Switching from general purpose instruction set to AVX turned out to be quite complex. But it comes with a benefit of further reduction in running time by 15-30% compared to 64-bit version:

	cpe (N=320)	cpe (N=2112)	cpe (N=46400)
…	…	…	…
Vec32	0.85	0.85	0.89
Vec64	0.76	0.74	0.80
Vec256	0.44	0.49	0.68

This trend should continue with increase in vector size, provided that performance is not stuck in memory access and that latency of longer-vector instructions is the same as of their shorter counterparts. Unfortunately, vector sizes can’t be increased indefinitely. In the majority of horizontal vector instructions, such as shuffle, every element of the output register depends on every element of the input register. Such logic requires O(log(n)) stages of digital circuitry, which increases latency and hence defeats the purpose of increasing vector size. We already saw that shuffle in fact is not a purely 256-bit horizontal SIMD instruction, but a pair of simultaneously executing 128-bit shuffles. For CPUs, it is quite unrealistic that vector instructions will be increased from 512 (provided by AVX-512) to longer values.

Buffering output [0.35]

Although performance has improved, thorough observation of PMU counters reveals that memory subsystem is again the bottleneck and not the SIMD code. According to resource_stalls.sb counter, there are almost 16 stall cycles per each 64 bytes of input data. Values in the table were collected by transposing three matrices of N=46400.
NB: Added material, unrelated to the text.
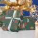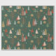 Es ist ein Muster, das sich durch Weihnachtsbäume, Dekorationen und Schneeflocken hervorhebt.
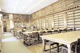 La bibliothèque universitaire avait été aménagée au milieu de l’université, et disposait d’une vaste salle de lecture au premier étage et de quatre salles au deuxième étage servant au stockage des publications académiques[21]. La grande salle était disposée de manière à pouvoir accueillir une soixantaine de lecteurs, avec des rayons situés aux extrémités et contenant principalement des ouvrages de référence[21]. Trois locaux étaient aussi installés au sein de la pièce pour servir de salle de travail pour les professeurs, d’entrepôt pour les atlas et cartes géographiques, et de bureau pour le bibliothécaire[21]. Cependant, malgré l’augmentation de la population étudiante, qui est passée de 500 en 1900 à 2000 en 1930, aucun effort n’était fait pour agrandir la bibliothèque[21]. D’ailleurs, plusieurs ont critiqué son emplacement au centre de l’université, car il étouffait la bibliothèque et empêchait son expansion[21]. Des solutions ont finalement été proposées, notamment par la Faculté des lettres, qui a accepté de donner une partie de ses locaux à la bibliothèque[21]. Plus tard, en 1951, le rectorat a déménagé, et l’ensemble de ses locaux ont été laissés à la bibliothèque[21].

	[unit]	Total	Per 64 bytes
resource_stalls.sb	cycles	1,600,415,891	15.858
offcore_requests.demand_rfo	events	101,634,381	1.007
offcore_requests_outstanding.cycles_with_demand_rfo	cycles	3,645,717,723	36.125

Memory and the execution are the most common culprits of suboptimal performance. One of them is always the bottleneck. Fixing memory issues makes execution the bottleneck, and optimizing execution uncovers more issues with memory. This process can be repeated many times up to the point when both are working close to their theoretical limits.
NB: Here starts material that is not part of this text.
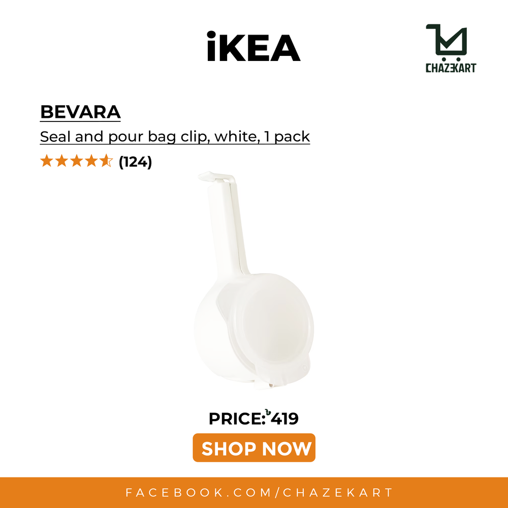 IKEA BEVARA Seal and pour bag clip, white, 1 pack is backordered and will ship as soon as it is back in stock.

The fact that we get nearly sixteen SB stalls per each cache line is unexpected. Each two invocations of 32x32 transposer fully assemble 32 cache lines, which should definitely fit into SB (Skylake has 56 entries). And since they are assembled in full, we expect that they will be flushed out without sending any load requests to RAM first. And yet there are SB stalls. To figure out what is going on, we can look to offcore_requests.demand_rfo counter. Its value, normalized by number of processed cache lines, reveals that there is one RFO message per each cache line. RFO messages are sent to other cores to agree on the ownership of cache lines. There can be only one exclusive owner of given cache line at any given time, or otherwise different cores may have different versions of the same cache line, ruining the correct behaviour of the programs which concurrently modify the data. Once the responses from all other cores are received, the requesting core becomes the sole owner of the cache line and has the right to modify it locally. In case of our transposer it is sure that the region of dst where we are writing to is not yet in L1d or L2, leading us to the conclusion that current core is not yet the owner of the respective cache lines, and that’s why it has to send the RFOs before the modification can be applied. Apparently, waiting for the RFO responses is the bottleneck of our SIMD transposer.
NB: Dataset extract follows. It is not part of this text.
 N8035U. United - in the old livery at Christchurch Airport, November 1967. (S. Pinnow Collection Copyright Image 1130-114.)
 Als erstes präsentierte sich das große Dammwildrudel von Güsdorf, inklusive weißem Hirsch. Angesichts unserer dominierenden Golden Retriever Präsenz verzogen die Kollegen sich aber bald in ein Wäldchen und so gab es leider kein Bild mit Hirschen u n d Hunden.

Such type of issues can be circumvented if we write the result of 64x64 transpose not directly into dst matrix, but into temporary L1d-local buffer. After transpose of the 64x64 block is complete, we can move data from the buffer into dst using non-temporal hint. The idea that we have to write data twice is counterintuitive, but it reduces waiting times for inter-core communication. During the first stage we write data into temporary buffer, which is reused for each 64x64 block and that’s why it settles down in L1d, with all of its cache lines being privately owned by the current core. The latter means that when some cache line of this buffer needs to be updated, there is no need to send RFO and wait for responses from other cores: cache line is marked in L1d as privately owned by this core with no possibility of other cores having a copy of it. In the second stage we have to copy data from buffer into dst. Using ordinary move instructions would generate RFO message for each cache line and wait while all other cores respond that they have relinquished ownership if they had one. Waiting for RFO responses is what is currently limiting performance of the transposer. Using non-temporal move instructions, on the other hand, relaxes the ownership rules. No RFOs are sent and, since cache lines are modified in full, they can be moved directly to memory.

Of course, non-temporal moves do not come without limitations, or otherwise they would be used ubiquitously. First, to create any useful effect, they have to be issued in burst covering the whole cache line. Second, you have to be sure that no other threads are accessing the data concurrently with non-temporal move. The latter is a common contract in matrix-oriented code.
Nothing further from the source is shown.